Kommentar Fall Edenkoben: Das harte Urteil kommt zu spät

Das Urteil: 12 Jahre Haft und Sicherungsverwahrung.
Das Urteil: 12 Jahre Haft und Sicherungsverwahrung.

Der Angeklagte im Missbrauchsfall Edenkoben hat eine hohe Strafe verdient. Komplett aufgearbeitet ist die Sache aber noch nicht.

Zwölf Jahre Haft, anschließend Sicherungsverwahrung. Das Urteil gegen den Mann, der ein zehnjähriges Mädchen entführt und sexuell missbraucht hat, ist hart – und das ist auch gut so. Der 62-Jährige hat sich immer wieder an Kindern vergangen. Er zeigte während der kompletten Verhandlung keinerlei Reue oder Mitgefühl für sein Opfer. Und er würde wieder zuschlagen, sobald er auf freiem Fuß ist. Daran lässt das psychiatrische Gutachten keine Zweifel. Vor solch einem Menschen muss die Gesellschaft geschützt werden.

Der Prozess legte offen, wie hemmungslos der Täter vorging. Minutiös wurde der 11. September 2023 nachgezeichnet, von der Entführung in der Nähe des Gymnasiums in Edenkoben über die Fahrt zur ehemaligen Papierfabrik in Lindenberg bis zum Ende der halsbrecherischen Flucht, die auf der Bienwald-B9 nahe des Langenbergs endete. Möglich war das, weil die Ermittlungsbehörden hervorragende Arbeit geleistet haben. Leider aber erst, nachdem die Katastrophe passiert war.

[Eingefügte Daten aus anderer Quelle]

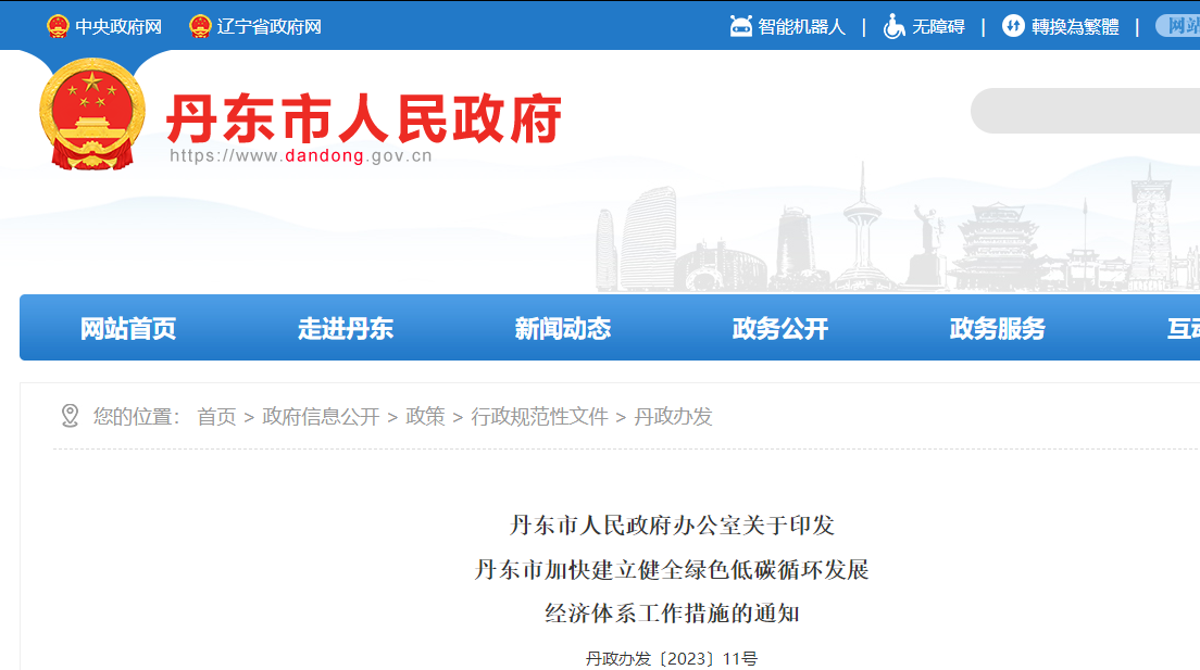 丹東市人民政府辦公室關于印發丹東市加快建立健全綠色低碳循環發展經濟體系工作措施的通知
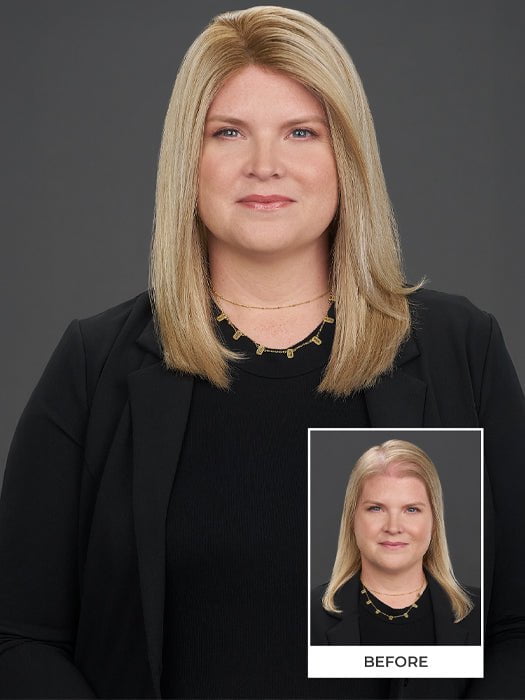 Top Form Lace HH 18" by Jon Renau adds amazing coverage and beautiful length to your hair. This long hair topper features 18" of 100% Remy human hair for a soft, luxurious look and feel. The temple-to-temple Smart Lace front for a natural hairline creates a natural hairline. This hair topper is lightweight at the front and gradually transitions to medium coverage at the crown and back. Great for mid-progressive hair loss.

Der Fall ist damit juristisch aufgearbeitet. Die Härte des Rechtsstaats kommt jedoch zu spät. Schon das Landgericht Frankenthal hätte im Jahr 2020 eine Sicherungsverwahrung anordnen müssen. Derselbe Gutachter wie im aktuellen Prozess hatte den Täter schon damals als „absolute Gefahr“ bezeichnet. Juristisch mag das Frankenthaler Urteil korrekt gewesen sein, dem Rechtsempfinden tat es allerdings nicht Genüge.

Die Aufarbeitung des Falles ist trotz des Urteils noch nicht abgeschlossen. Dass sich der Sexualstraftäter etwa mehrfach erfolgreich weigerte, eine elektronische Fußfessel zu tragen, ist nicht hinnehmbar. Hier muss der Gesetzgeber ein Anlegen unter Zwang ermöglichen.

Wobei eine Fußfessel den Fall Edenkoben kaum hätte verhindern können. Sie ermöglicht am Ende bestenfalls, dass die Behörden wissen, wo sich deren Träger gerade aufhält. Genau das war im Vorfeld der Tat bekannt. Vor allem Eltern von Schülern teilten das in Chatgruppen und meldeten es auch der Polizei. Dass es den Behörden nicht möglich war, die Tat trotz aller Alarmsignale zu verhindern, ist ein weiterer Punkt, der sich nicht wiederholen darf.

Der Rechtsstaat darf vor Straftätern nicht in die Knie gehen. Er muss in der Lage sein, harte Urteile zu fällen. Noch wichtiger wäre es, absehbar erscheinende Straftaten erst gar nicht zuzulassen. Dem entführten und sexuell missbrauchten Mädchen, ihren Eltern und vielen anderen Menschen hätte so viel Leid erspart werden können.